Псарня рвется к бьющейся в истерике Рыжей Суке. Подбегают. Обнюхивают. Тычутся мокрыми носами. У Суки течка. Так и чудится вакханалия собачьей свадьбы. Волкодавы огрызаются друг на друга. Поводят плоскими башками. Брызгают слюной. Какая шавка посмела брызнуть свое тощее семя презрения на нашу благородную суку?!

Дитя, преисполненное чувства выполненного долга, забирается на заднее сидение.

Принюхиваюсь. Тяжкий привкус черемухи.

— Как я ее?! S'ma Ni Kari! — широко открытые детские глаза требуют одобрения. — Ты видела?

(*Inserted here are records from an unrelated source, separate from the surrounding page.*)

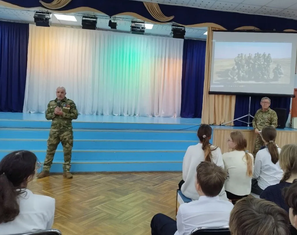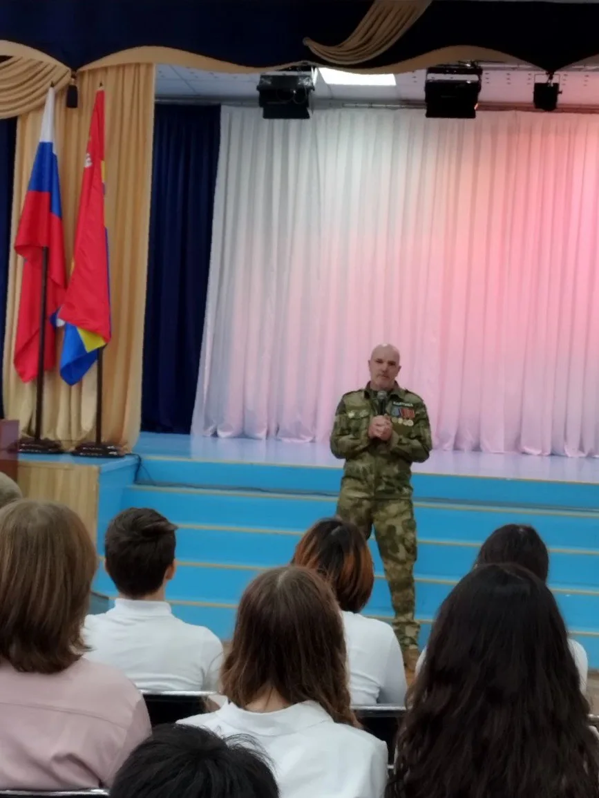 Перед учащимися 7–8 классов гость выступил с проникновенным патриотическим рассказом. Он поделился воспоминаниями о героических буднях военных и добровольцев, о мужестве и взаимовыручке, о том, что движет людьми, которые встают на защиту своей страны.
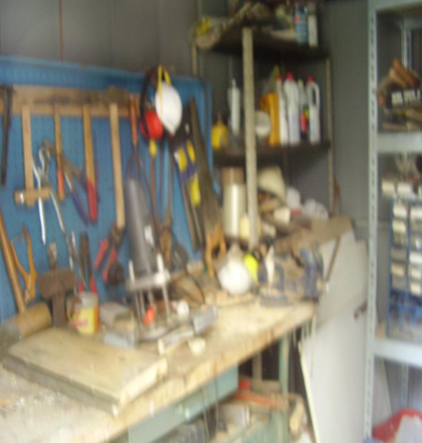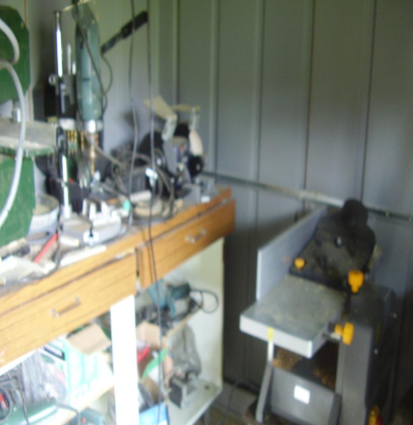 Après avoir longtemps travaillé dehors, j'ai installé mon atelier dans un abri de jardin métallique de 8m2 environ. C'est petit mais j'ai quand même réussi à y faire entrer un établi, 2 étagères, un meuble de cuisine pour le rangement des outils, une petite dégau-rabot, une scie circulaire sur table et l'indispensable poubelle.
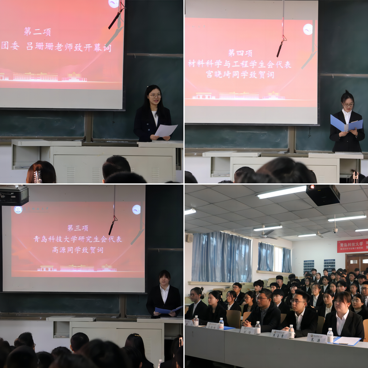 高源同学代表学校研究生会、宫晓琦同学代表材料科学与工程学院分别致贺词,预祝海洋学院第六次学生代表大会、第三次研究生代表大会顺利召开,圆满成功。
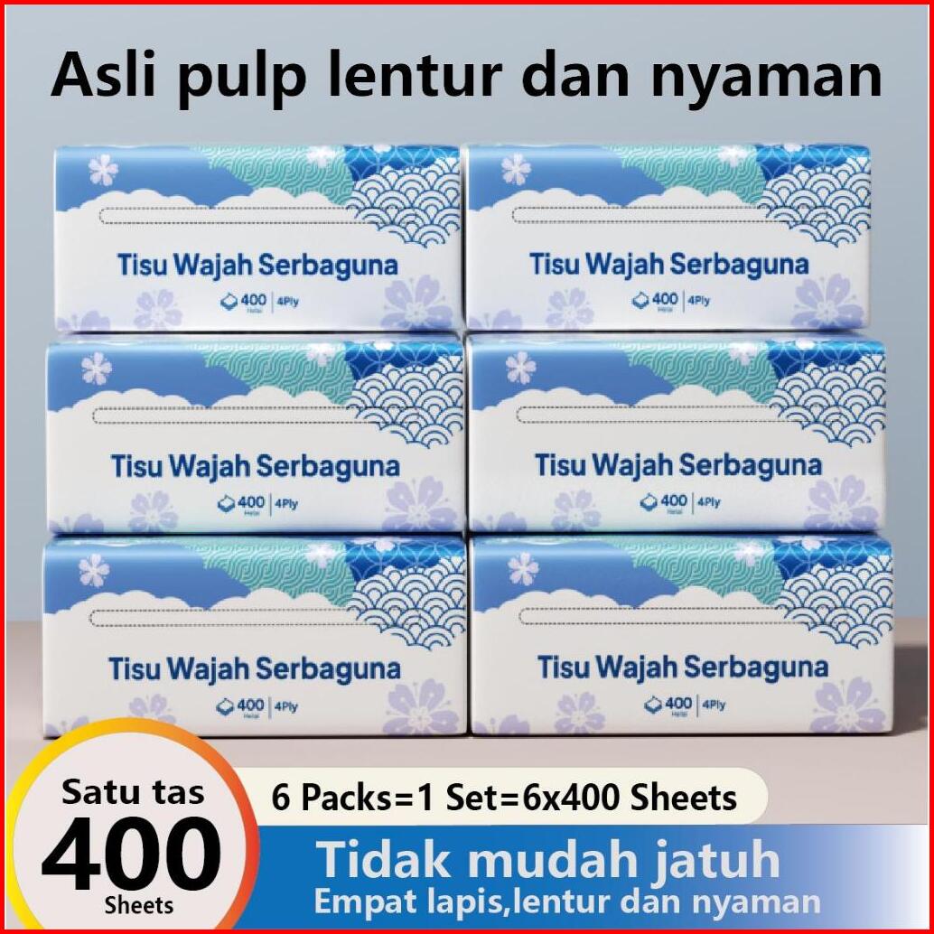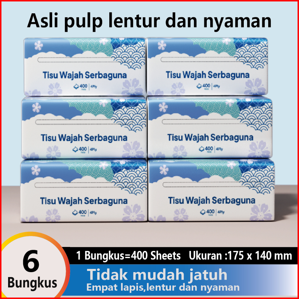 Dinomi Tisu Wajah Classic Dipertebal 4 Lapis 400 Lembar Per Pack Asli Pulp Lentur Nyaman 140x175mm 6 Pack Size L
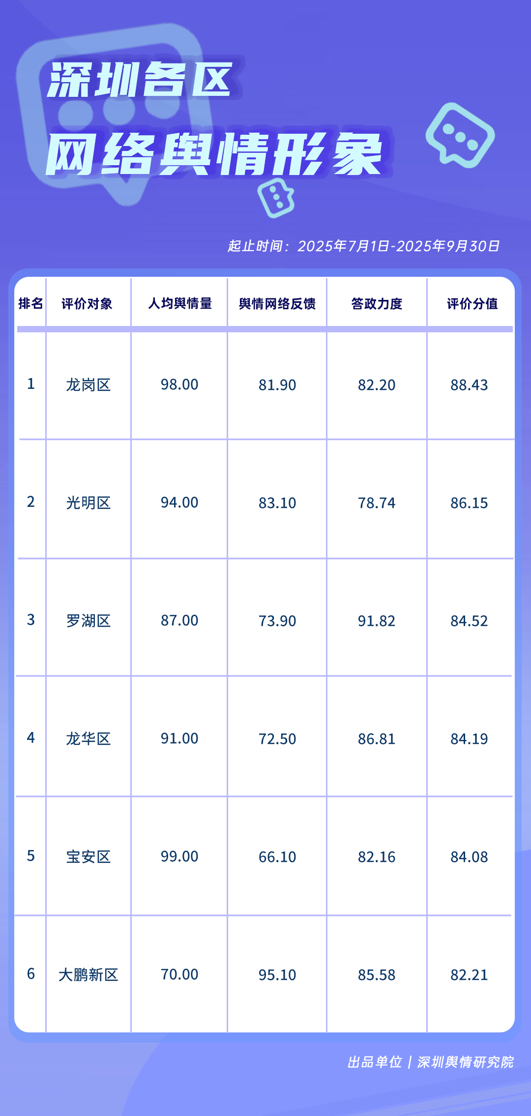 7-9月,各區(qū)各單位網絡形象建設成效如何?《深圳各區(qū)各單位網絡形象建設榜》帶您了解。本期榜單數據統(tǒng)計時間范圍為2025年7月1日至9月30日。
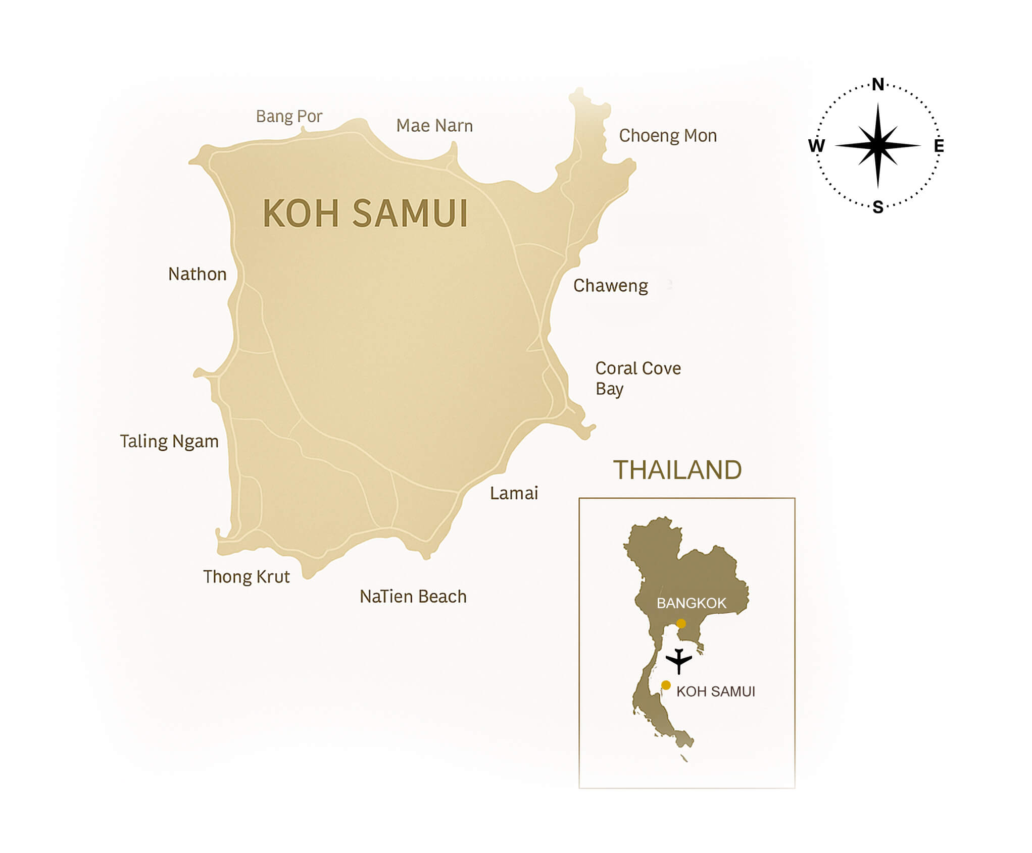 Naše nehnuteľnosti sa nachádzajú v Thajsku v tých najatraktívnejších častiach ostrova Koh Samui – v lokalitách, ktoré harmonicky prepájajú tropickú prírodu, blízkosť pláží a kompletnú občiansku vybavenosť. Každé miesto je starostlivo vybrané s dôrazom na súkromie, pokoj a zároveň pohodlný prístup ku všetkému, čo potrebujete – od obchodov, škôl a zdravotnej starostlivosti až po reštaurácie, trhoviská a wellness centrá.
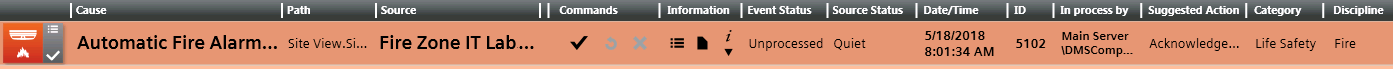 From the event descriptor, use the icons in the Commands column to send any commands as they become available. The commands you must send will vary depending on configuration. A typical sequence may include:
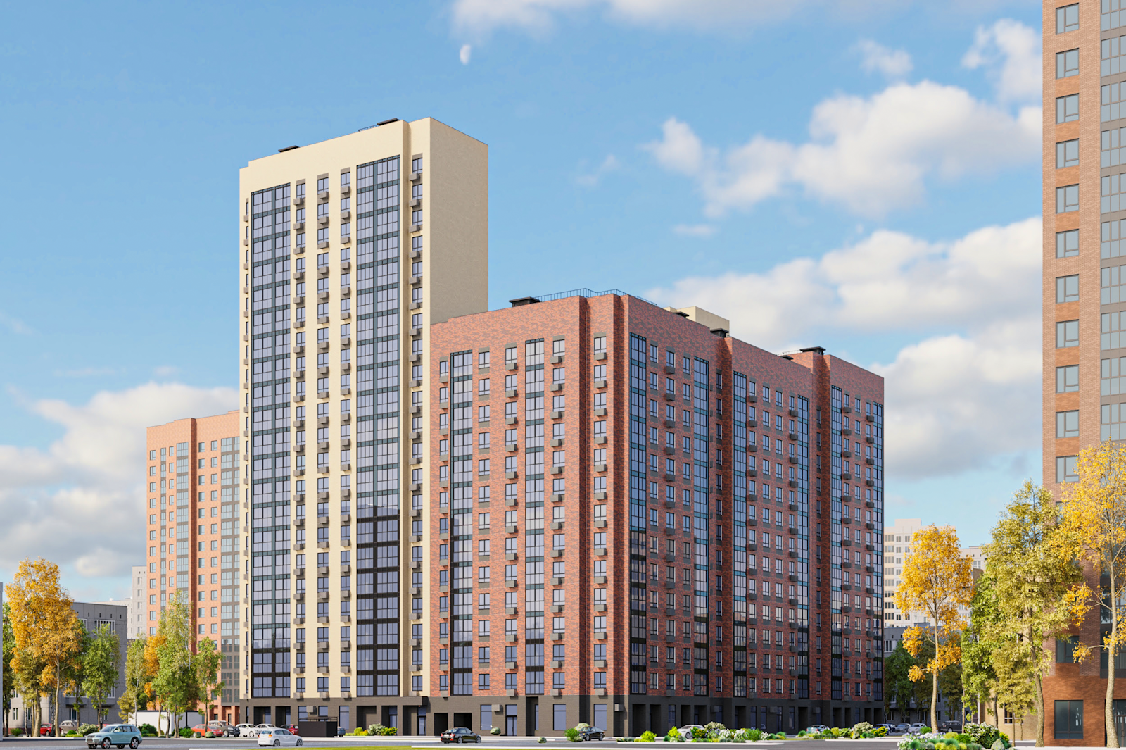Для отделки фасадов используют пиленый кирпич коричневого и бежевого цвета. На них установят металлические корзины под кондиционеры. Входную группу оформят витражным остеклением. В подземном уровне разместится стоянка для автомобилей.
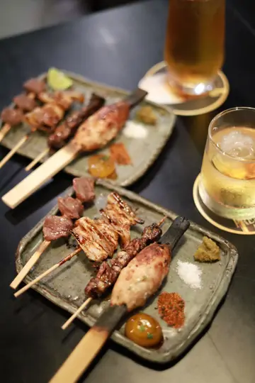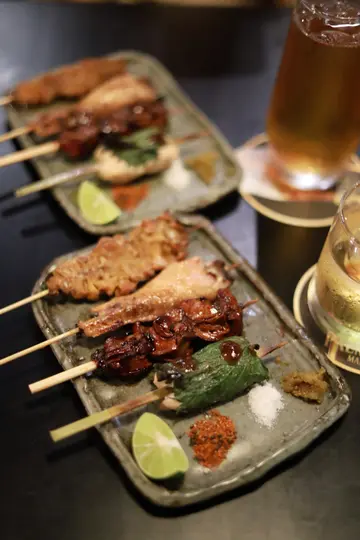我今日去左铜锣湾,去到一间朋友赞过嘅楼上鸡串烧餐厅,果然冇介绍错!我同朋友各自叫咗鸟森串烧五本同精选串烧六本。串烧就share食,所以试到好多唔同口味。每份餐都有附送鸡出汁、茶碗蒸、渍物、沙律、御饭同热饮,而我同朋友就拣咗咖啡。渍物酸酸地,开胃又爽口。蕃茄沙律上面有蒜蓉,辣辣地好惹味。茶碗蒸嘅蛋好滑,入面仲又有鸡肉。御饭有蛋黄同紫菜,风味独特,捞埋食份外滋味。咖啡有炭烧味,调味用嘅奶滑得嚟唔会腻。鸡出汁闻到好浓沃嘅鸡香。串烧方面,茄子多汁,上面有明太子调味。牛横隔肌好软熟,但又有咬口,口感平衡得好好。免治鸡肉棒,好好肉地,外面烧到焦香但唔油腻。紫苏里芋豚肉卷,上面搽咗甜甜酸酸嘅梅酱,一层豚肉喺外面包住好脆口。黑豚猪腩串,油脂丰富,外层烧到有啲酥皮嘅质感。鸡胸软骨,平时好少见烧软骨,保留到香脆但冇炸鸡软骨咁邪恶。冬菇好juicy。鸡腿肉同鸡翼,啖啖肉,连埋鸡皮烧更加香口。整体黎讲,呢间餐厅食物质素好高,串烧亦都几有特色,绝对系铜锣湾闹市嘅hidden gem。…查看更多

Видела? — теребит за рукав.

— Глупо.

— Baal! Почему?

— От тебя теперь самой тухлятиной тянет.

Принюхивается. Корчит рожицу.

— Гонишь. ZЗcame la xurra! Во-первых, я кидала в резиновых перчатках. Во-вторых, у меня был дезодорант. Слышь, khanki…

— Не буди ее.

Дитя ложится. Бурчит:

— Могла бы и посмотреть. Bal Kaita Athi Band. Чё она спит постоянно, Nengta Maggi?

Смотрю на Таньку. Глажу по щеке.

— Полесбияньтесь, полесбияньтесь, — комментирует вредное создание.

— Ревнуешь? — оборачиваюсь.

— Pizda ti materina! У нас проблемы, — Полина стучит голой пяткой по стеклу. Упырь пускает слюни, разглядывая детское бельишко.

Сообразил, гад.

— Ха, — дитя делает непристойный жест. — Jidi u picku materinu! Faggot!

— Теперь тебя изнасилуют, а потом убьют, — предполагаю. — Или сначала убьют, а потом изнасилуют.

— С них станется! — дитя в восторге. — Baka ti tatu, a tata ti seku! — Это не у бармена под стойкой отсасывать.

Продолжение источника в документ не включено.